Kaki Reyna bergerak meronta detik itu juga. "J-jangan dua jari!!" teriaknya gusar.

Tapi Darren tidak peduli dengan keluhan itu. Tangan kirinya semakin menarik ke arah luar bagian labia Reyna. Semakin menampilkan apa yang disembunyikan oleh bagian itu. Jemarinya di dalam bergerak memutar, seolah mengais cairan lubrikasi alami yang mulai keluar.

Reyna meremas bed cover, menahan segala hasrat dan kenikmatan yang mengalir di seluruh pembuluh darahnya dan menggoda denyut nadi. Ia menggigit bibir, tidak ingin membiarkan satu desahan pun lolos, atau Darren akan merasa lebih percaya diri daripada ini.

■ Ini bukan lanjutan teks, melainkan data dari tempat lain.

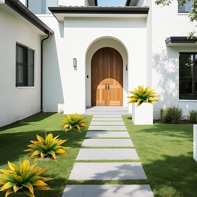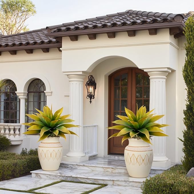 Artificial Plants Outdoors Faux Agave Fake Greenery Outdoor Artificial Plant 28" Fake Plant for Indoor Home Decor Plastic Plant Outdoor Decor Front Porch Decor Faux Cactus(Yellow 2Pcs)No Vase
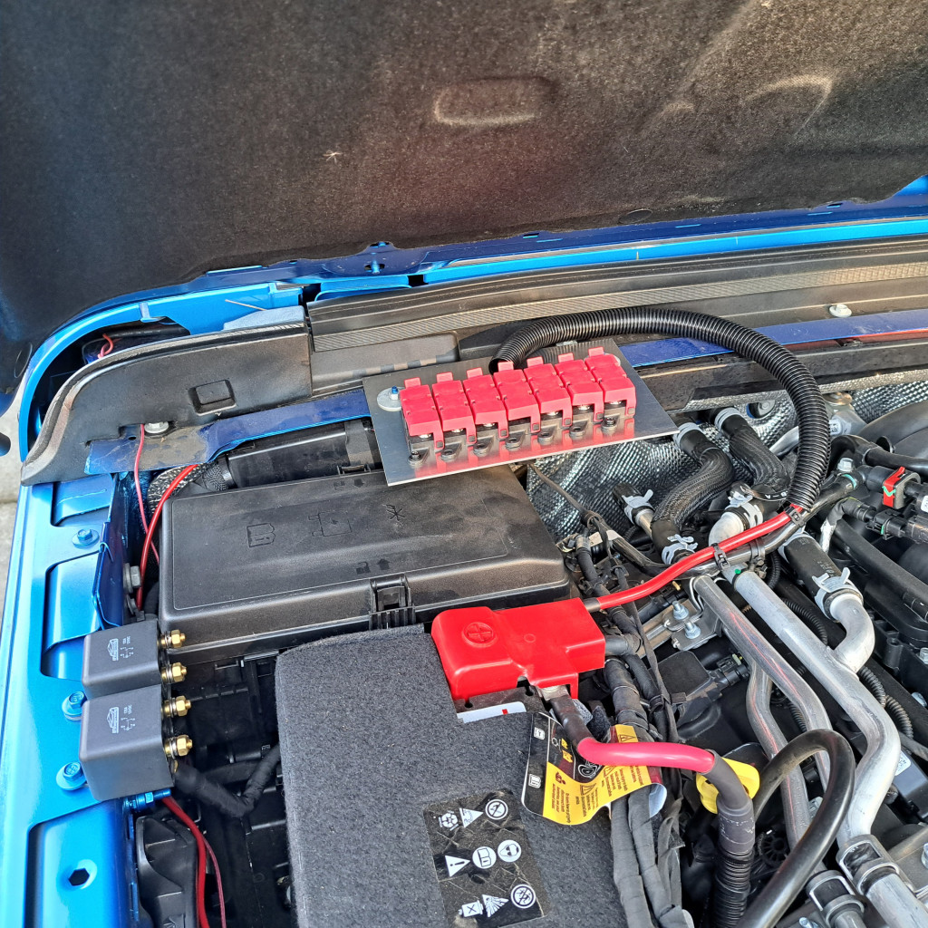 A similar power system will eventually be installed on that Goose Gear deck in Bonnie's cabin. Each of these power systems is configured to take 20 amps of Bonnie's alternator output to charge their batteries, and I needed to build the infrastructure to make that happen. Above you will note a six-way (seven pole) distribution block on an aluminum plate on the firewall. This block has a 400A power-handling capability and uses MIDI/AMI fuses that bolt in place. It is Bussmann / Eaton product in the LMI series, I bought mine at Mouser Electronics. It has an operating temperature range of -40° to +185°F.
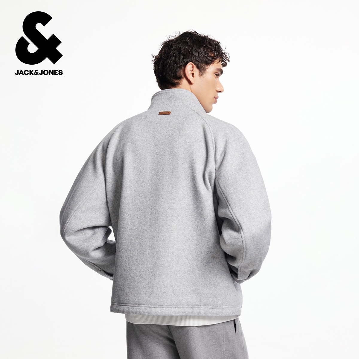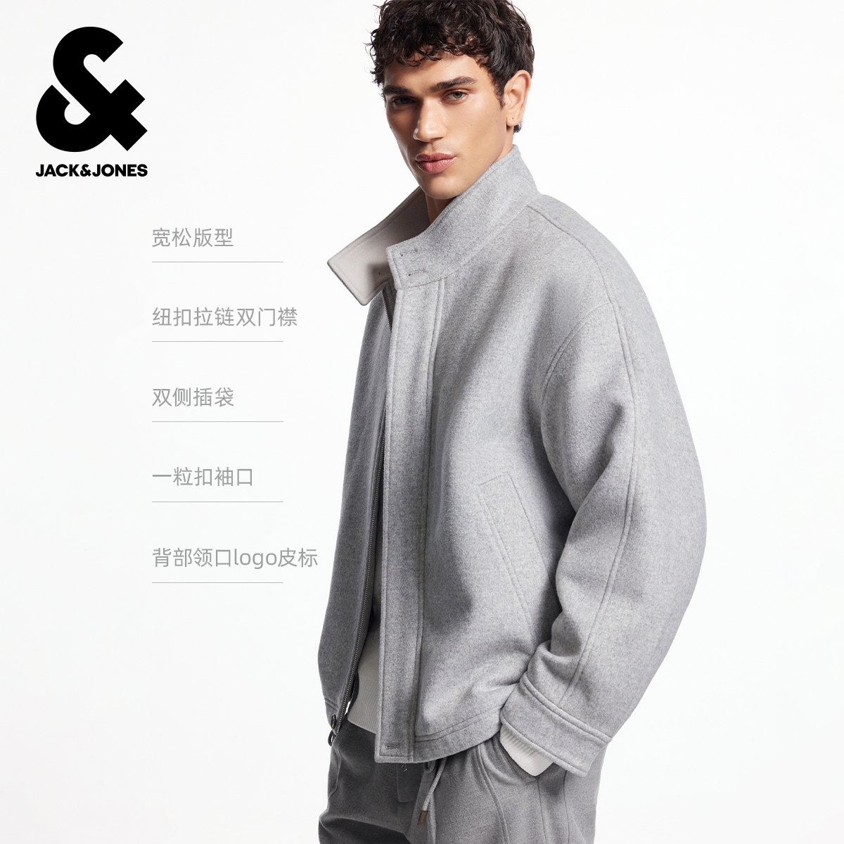 杰克琼斯男装秋冬季毛呢大衣短款保暖外套宽松休闲百搭舒适上衣款
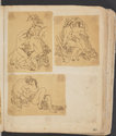 Album Gatteaux dit "musée imaginaire". Album factice à couverture en vélin. Feuillets de deux papiers différents du fait de l'usage d'un papier plus fort et moins homogène pour le premier feuillet, puis du folio 36 recto au folio 40 verso. Au total 599 dessins répartis sur les premiers 134 feuillets. 596 dessins collés sur les pages de l'album et 3 dessins exécutés à même les pages de l'album. 592 dessins rapportés exécutés sur calque et 4 dessins rapportés exécutés sur papier. 23 dessins exécutés uniquement au graphite sur papier ou calque. 24 dessins exécutés à l'encre brune et/ou noire sur traces de graphite.552 dessins exécutés à l'encre seule, majoritairement brune mais de qualités différentes, parfois plus grise, d'autres fois plus noire. Plusieurs ensembles de feuillets vierges : du folio 30 recto au folio 35 verso inclus ; du folio 65 verso au feuillet 68 recto inclus ; du feuillet 72 verso au 75 verso inclus ; du feuillet 129 recto au feuillet 130 verso inclus. Feuillets vierges ou coupés à partir du folio 135 verso. Annotation à la plume et à l'encre brune de la main de Jacques-Edouard Gatteaux sur la contre-garde de la couverture: " E. Gatteaux. Rue de Bourbon n° 36 / Paris". Dimensions de l'album : H. 21 cm.; L. 17 cm. ; épaisseur du dos environ 3,2 cm.
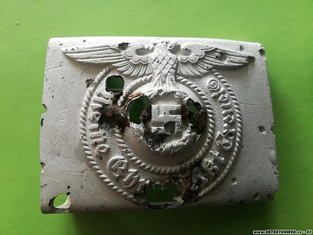 posílám foto mých nových nálezů. Je až s podivem, jak některé nálezy mohou být po tolika letech v zemi zachovalé, pokud jsou v bahně bez přístupu kyslíku. Přezka SS byla napadená morem tak, že mě nenapadlo nic lepšího, než ji fláknout přes noc do odrezovače namíchaného dle návodu tady z webu a modlit se, ať to dobře dopadne. Složení: kyselina fosforečná, dest. voda, butylalkohol a thyomočovina. Doufám, že jsem to napsal správně. Rakovina komplet zmizela. Přezka je trochu bělejší, ale možná časem trochu ztmavne. Jinak policejní opláchnutá pouze vodou a očištěna kartáčkem na zuby.

Setelah ia merasakan liang kehangatan Reyna cukup basah, Darren kemudian menghujam vibrator ke dalamnya. Membuat tubuh Reyna melengkung dan bergerak gelisah.

Darren kembali mengeluarkan benda yang kini terlumuri cairan Reyna. Ia menghidupkan vibrator itu, lalu melesatkannya ke dalam vagina Reyna. Getaran itu mampu membuat Reyna menggelinjang dan meronta penuh gusar. Mulai dari awal ketika Darren sengaja menempatkan vibrator itu di depan klitorisnya, lalu menggoda bagian labia, hingga masuk ke pusat tubuhnya, dan membuat g-spot Reyna terangsang penuh kenikmatan.

"How does it feel?" tanya Darren.

"Bad..." ejek Reyna. "There's no way I enjoy it,"  lanjutnya, masih dengan nada penuh remeh.

Darren tertawa. Lihat, harga diri siapa kini yang juga setinggi matahari?

"Oh? So do you think you could handle it?" ucapnya, menggoda Reyna dengan alis terangkat.

"I... I can," ucap Reyna percaya diri. "I'm not delicate at all."

Darren menarik paha Reyna untuk lebih mendekat. Ia menaikkan kecepatan getaran dari vibrator itu. Berusaha menarik setiap inchi hasrat Reyna dengan menggoda saraf pada dinding-dinding vaginanya. Tidak berhenti di situ, Darren kembali mempermainkan klitoris Reyna, membuat Gerakan memutar pada tonjolan daging itu dan mencubitnya dengan lebih kuat dari pada tadi.

Reyna masih keras kepala. Tapi Darren tahu cewek itu tidak akan mampu bertahan lebih lama lagi. Desahan tertahan Reyna terdengar seperti gumaman.

Vibrator itu lalu Darren tarik ke arah luar. Ia memaju mundurkan alat itu, mengobrak-abrik vagina Reyna dan memancing tiap gairahnya.

"Pull it out!" pinta Reyna putus asa. Ia merasa di ujung tanduk. Kalau sudah begini, bagaimana pun hatinya menolak, tubuhnya tetap akan menikmati tawaran kenikmatan yang begitu didamba ini.

Gerakan Darren semakin cepat dan kuat. Ingin menyambut datangnya klimaks Reyna secepatnya.

Reyna memekik tertahan ketika ia mencapai puncak pelepasannya. Kakinya terasa begitu lemas. Ia tidak lagi mampu meremas bed cover. Reyna mengais napas sebanyak-banyaknya. Dadanya terlihat naik turun. Ia mengutuk dirinya sendiri karena kalah dalam permainan Darren.

"Look. You are enjoying it," ucap Darren sambil mengeluarkan vibrator itu. Cairan hangat Reyna ikut keluar dan membasahi bed cover.

Darren semakin terlihat bangga dan percaya diri.

Reyna menggeleng. "I'm not. Don't go any further..." pintanya lemah. Ia tidak ingin dipermalukan lebih dari ini.

Darren kembali tersenyum. Ia menyondongkan tubuhnya ke arah depan. Tangannya mencengkram leher Reyna dengan pelan, lalu menulusuri bahu, dan beralih membuka kaitan bra Reyna yang ada di bagian depan. Dua gundukan menggoda itu terayun pelan akibat perbuatannya. Sepasang puting ereksi terlihat di depannya, membuat mata Darren nyalang penuh gairah.

"What makes you think you have a choice?"